Abstract:
A fracture reduction device comprises linear adjustment means for linearly reducing a fractured bone in three directions, and angular adjustment mechanism for angularly reducing a fractured bone about three independent axes. The adjustment mechanism is such that adjustment in each direction and about each axis is independent of the others. The device also allows stable incremental adjustments to be made to the bone position and/or orientation.

Description:
FIELD OF THE INVENTION 
     The present invention relates to fracture reduction devices. 
     BACKGROUND OF THE INVENTION 
     A variety of techniques are known for holding together the parts of a fractured bone while healing takes place. One such technique is external fixation, in which pins are inserted into the bone on each side of the fracture point, and which are then connected to a frame by adjustable clamps. The clamps can then be tightened to hold the parts of the bone fixed with respect to each other. 
     However, before such fixation can take place, the fracture must be reduced so that the bone fragments are in the correct positions for fixation and healing. 
     Previously considered reduction devices allow such reduction to be controlled, but are inconvenient since it is not simple to control a single degree of freedom of movement independently of the other degrees of freedom. 
     It is desirable to provide a fracture reduction apparatus in which controlled vector separation can be easily and simply achieved. 

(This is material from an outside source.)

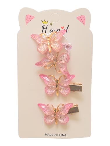 Daphane - Fun Hair Clips and Ties Set for Girls, 4 Pieces – Pink
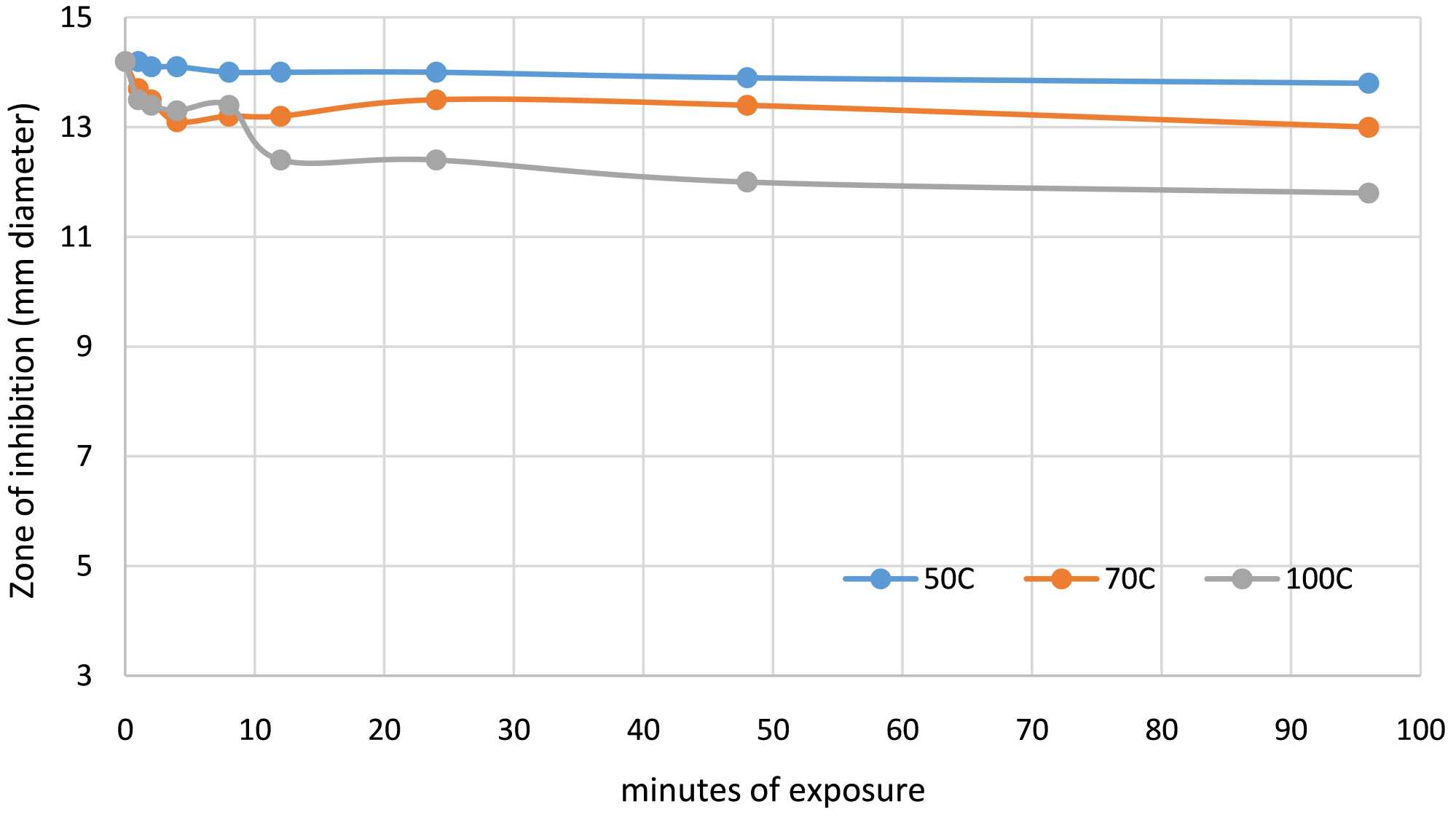 When exposed to 50˚C, 70˚C, and 100˚C for up to 96 minutes, the B. infantis filtrate grown in MRSc remained stable with no significant decrease in activity against E. coli (Figure 2). The filtrate, which had been propagated in TPY, then held at 100˚C for 90 minutes, showed no significant decline in activity. This indicates that the inhibitory substance found within the filtrate is heat-stable.

     SUMMARY OF THE INVENTION 
     According to the present invention there is provided a fracture reduction device comprising linear adjustment means and angular adjustment means for reducing a fractured bone, the adjustment means allowing stable incremental adjustments to be made to the bone position and/or orientation, the adjustment means comprising: 
     a substantially rigid support structure; 
     first and second loading supports attached to the support structure for attachment to first and second portions of a fractured limb about a fracture site, the loading supports being arranged such that the limb can be subjected to a longitudinal distractive force by means of the loading supports; and 
     first and second bone supports for supporting first and second portions of a fractured bone about the fracture site; 
     one of the first and second loading supports being rotatable with respect to the other loading support about two mutually perpendicular axes; 
     at least one of the first and second bone supports being movable in two linear directions perpendicular to one another and to the longitudinal direction of the bone; and 
     wherein adjustment of the positions of the loading and bone supports allows stable incremental adjustments to be made to the bone position and/or orientation. 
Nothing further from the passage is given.